Are Political Betting Markets Failing Or Gaining?

political-betting-marketsPolitical betting markets took a lot of heat for their solid prediction on the Brexit outcome – with a 25 percent predicted probability during the last week to the poll date, with the polls flipping from ‘Leaving’ to ‘Remaining’ on the very last day.

Predictions based on probability can and did fail and we need to look at why this happened to increase our chances in future. The prediction markets have heard a very reputable track record and people have come to trust and ever rely on them. Could this be the main source of the problem?

The thing is, political betting markets involve real money exchanges allowing any person above the age of 18 to buy or sell futures contracts on upcoming political events. This market has a long and rosy history. Perhaps the most memorable is the 1916 election where 10 million dollars were wagered, these translates to about 220 million dollars in 2016’s current value of the dollar.

In essence, a person can purchase a contract on the outcome like the democratic or Republican nominee to scoop the oncoming presidential election which is worth a dollar if the outcome is positive and 0 dollars if the outcome is negative.

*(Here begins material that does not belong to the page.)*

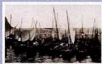
Txalupa bizkaitarrak Candás-eko portuan Lanchas vizcainas en el puerto de Candás

Algunas lanchas boniteras partían hacia Asturias (a Candás) a comienzos de Junio, esperando al bonito en su migración.

The total price at which individuals are willing to purchase and sell such a contract is what is interpreted as the probability of the said outcome occurring. Political betting markets work because participants can access all the standard forecast data and other eccentric or dispersed data about the oncoming election and aggregate it with polling data and any other information that is relevant to the outcome, not forgetting their experience in the market.

Whether political betting markets are failing or gaining depends on what side of the coin you fall on. Are you on the winning or losing side?